ПОЭТИЧЕСКИЙ ТРАКТАТ

Примечания и послесловие Переводчика - в конце.

ВСТУПЛЕНИЕ

Пускай родная речь простою будет.

Пускай любой, едва услышит слово,

Увидит реку, яблоню, тропинку,

Как видишь в полыхании зарниц.

Однако речь не может быть картиной

Итолько. Издавна ее прельщает

Мелодия и рифмы колыбельность.

Неладно ей в сухом, шершавом мире.

Сегодня часто спрашивают, что за

Смущение, с каким стихи читаешь,

Как будто автор с умыслом неясным

В них обращался к худшему себе,

Изгнавши мысль и обманувши мысль.

С приправой шутки, шутовства, сатиры

Поэзия ценителей находит,

Такой она понравиться способна.

Но те баталии, гае ставка-жизнь,

Ведутся в прозе. Не всегда так было.

И до сих пор не высказана горечь.

Роман, трактат служебен, но не вечен.

Одно хорошее четверостишье

Томов трудолюбивых тяжелей.

I. ПРЕКРАСНАЯ ЭПОХА

Дремали дрожки у Марьяцкой башни.

Уютный Краков в зелени лежал

Пасхальным свежекрашенным яичком.

В плащах широких важно шли поэты.

Никто не помнит нынче их имен.

Но руки их, они реальны были.

Над столиками запонки, манжеты.

На палке нес газету вместе с кофе

Официант- и канул безымянным.

Рахили в длиннохвостых шалях1), Музы,

Пригубивши, закалывали косу

Той шпилькой, что лежит сегодня в пепле

Их дочерей или в комоде подле

Умолкшей раковины. Ангелы модерна

В домах отцовских, по уборным темным,

Обдумывали связь души и пола,

Печали и мигрень лечили в Вене

(Сам доктор Фрейд, слыхал я, галичанин).

У Анны Чилаг 2) отрастали кудри,

Блистали позументами гусары.

В горах носился слух, что Франц-Иосиф

Внизу, в долине, проезжал в карете.

Там наш исток. Напрасно отрицать,

На Золотой далекий век ссылаться.

Не лучше ли принять, признать своими

Усы колечком, набок котелок,

Побрякиванье дутого брелока.

Признать и песню над пивною кружкой

В суконно-черных заводских предместьях.

Ухолят, чиркнув спичкой, на полсуток

Творить в дыму богатство и прогресс.

Рыдай, Европа, жди себе шифкарты 3).

Под Рождество на рейде Роттердама

В молчаньи станет судно эмигрантов.

К обмерзлым мачтам, словно к снежным елям,

Трюм вознесет молитву на мужицком

- Словенском или польском - диалекте.

Простреленная пулей, пианола

Играет. Пары буйствуют в кадрили.

Рыжа, толста, оттянутой подвязкой

Пощелкивая, развалясь на троне,

В пуховых туфлях тайна ожидает

Торговцев сальварсаном и резинкой.

Там наш исток. Иллюзион мигает:

Макс Линдер - плюх, с коровой в поводу

В садах сквозь зелень светят лампионы.

И оркестрантки в трубы, трубы дуют.

Свиваясь нз сигарного дымка,

Из рук, колец, сиреневых корсажей,

Через поля, долины, горы вьется

Команда: „Vorwaerts! En avant!Allez!"

То наше сердце залито известкой

В пустых полях, распаханных огнем.

Никто не знает, почему скончались

- Всё под кадриль - богатство и прогресс.

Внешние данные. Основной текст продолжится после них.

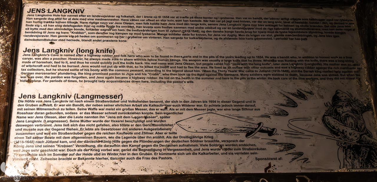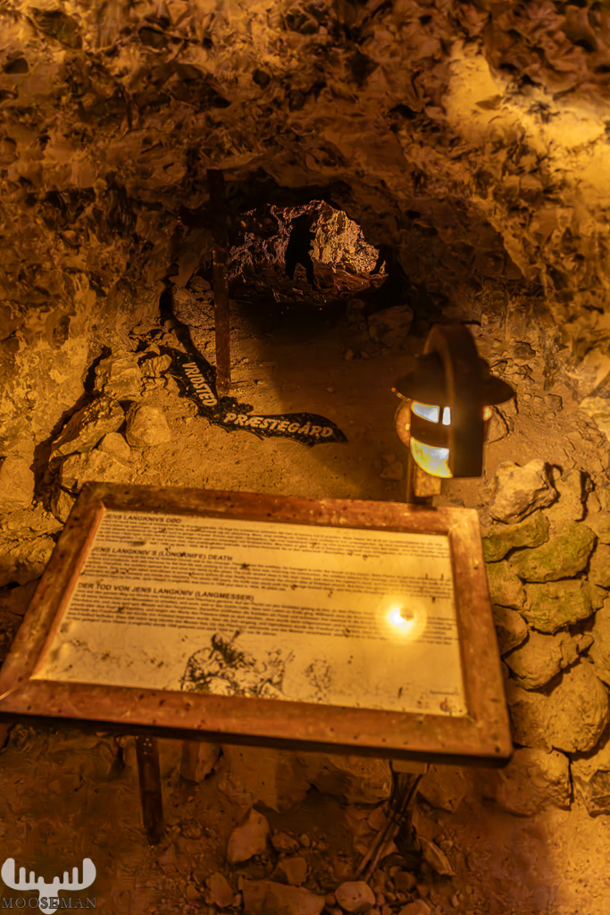 Das haben sich dann wohl auch zwielichte Gestalten zu Nutze gemacht um sich in den Tunneln zu verstecken. Über einen offenbar sehr bekannten Gauner des 17. Jahrhunderts – Jens Langkniv (Jens Langmesser) – findet man in den Gängen ebenfalls Informationen – er wird als der jütländische Robin Hood gefeiert, weil er die Beute aus den Räubereien den armen Grubenarbeitern schenkte. Diese haben ihn natürlich im Gegenzug auch nie verraten.

Как ни печально, там наш стиль родится.

Под утро лира смирная бряцает

В мансарде над шантанной погремушкой.

Как звездный хруст - эфирные напевы,

Ненужные купцам и их супругам,

Ненужные и в деревушках горных.

Они чисты, наперекор земному.

Они чисты и слов таких не знают:

Вагон, билеты, задница и деньги.

Учись читать, мечтательная Муза,

В домах отцовских, по уборным темным,

И знай отныне, что не поэтично.

Поэзия же - тайное волненье

И легкий вздох, укрытый в многоточьях.

Течет, струится непереводимо,

Эрзац молитвы. Так и станет впредь

Простой порядок слов недопустимым.

„Фи, публицист. Уж говорил бы прозой".

Пока открытием авангардистов

Не станет износившийся запрет.

***

Есть в Кракове короткий переулок.

Два мальчика там жили по соседству.

Когда один из школы возвращался,

Видал другого на песке с лопаткой.

Несхожи судьбы их, несхожа слава.

Огромный океан, чужие страны,

Коралловые отмели за рифом,

Где в раковину голый вождь трубит,

Познал моряк. И живо то мгновенье,

Когда в жаре безлюдного Брюсселя

Он тихо шел по мраморным ступенькам

И возле „К°" компании звонок

Нажал и долго вслушивался в тишь.

Вошел. Две женщины на спицах нитку

Сучили - он подумал: словно Парки.

На дверь кивнули, скручивая пасмо.

Директор анонимно подал руку.

Вот так стал Джозеф Конрад капитаном

На Конго, по решению судьбы.

И Конго - место действия рассказа 4),

Где слышащим давалось прорицанье:

Цивилизатор, очумелый Курц,

Владел слоновой костью в пятнах крови,

Кончал отчет о просвещеньи негров

Призывом к истреблению, вступая

В двадцатый век.

Обту же, впрочем, пору

Подковки, ленты, пляски до утра

В подкраковской деревне, под волынку,

И сотни лет игравшийся вертеп.

Неодолимой воли был Выспянский,

Хотел театра, как у древних греков.

Но не преодолел противоречья,

Что преломляет нам и речь, и зренье,

В неволю нас эпохе отдавая,

И мы уже не лица, а следы,

Не личности, а отпечатки стиля.

Подмоги нам Выспянский не оставил.

Наследье наше - памятник иной,

Воздвигнутый шутя, а не во славу.

Для языка по мерке, как частушка,

А для бесплотной мысли в поученье.

Остроты, чепуха, „Словечки" Боя 5).

День угасает. Зажигают свечи.

Винтовочный затвор на Олеандрах

Не щелкает. Лужайки опустели.

Ушли эстеты в скатках пехотинцев.

Их кудри смел цырюльный подмастерье.

Стоит в полях туман и запах дыма.

Наполнит рюмки доктор. А она

У фортепьяно, при свечах, в лиловой

Вуали, напевает эту песню,

Что нам звучит, как весть из ниоткуда.

Отголоски далекой кофейни

Оседали на мертвый висок.

II. СТОЛИЦА

Чужой ты город на песках сыпучих,

Под православным куполом Собора,

Твоя погудка - ротная побудка,

Кавалергард, солдат всех выше 6),

Тебе из дрожек ржет „Аллаверды".

Так надо оду начинать, Варшава,

Твоей печали, нищете, разврату.

Окоченелою рукой лотошник

Отмеривает семечки стаканом.

Увозит прапорщик у стрелочника дочку,

Чтобы ей княжить в Елисаветграде.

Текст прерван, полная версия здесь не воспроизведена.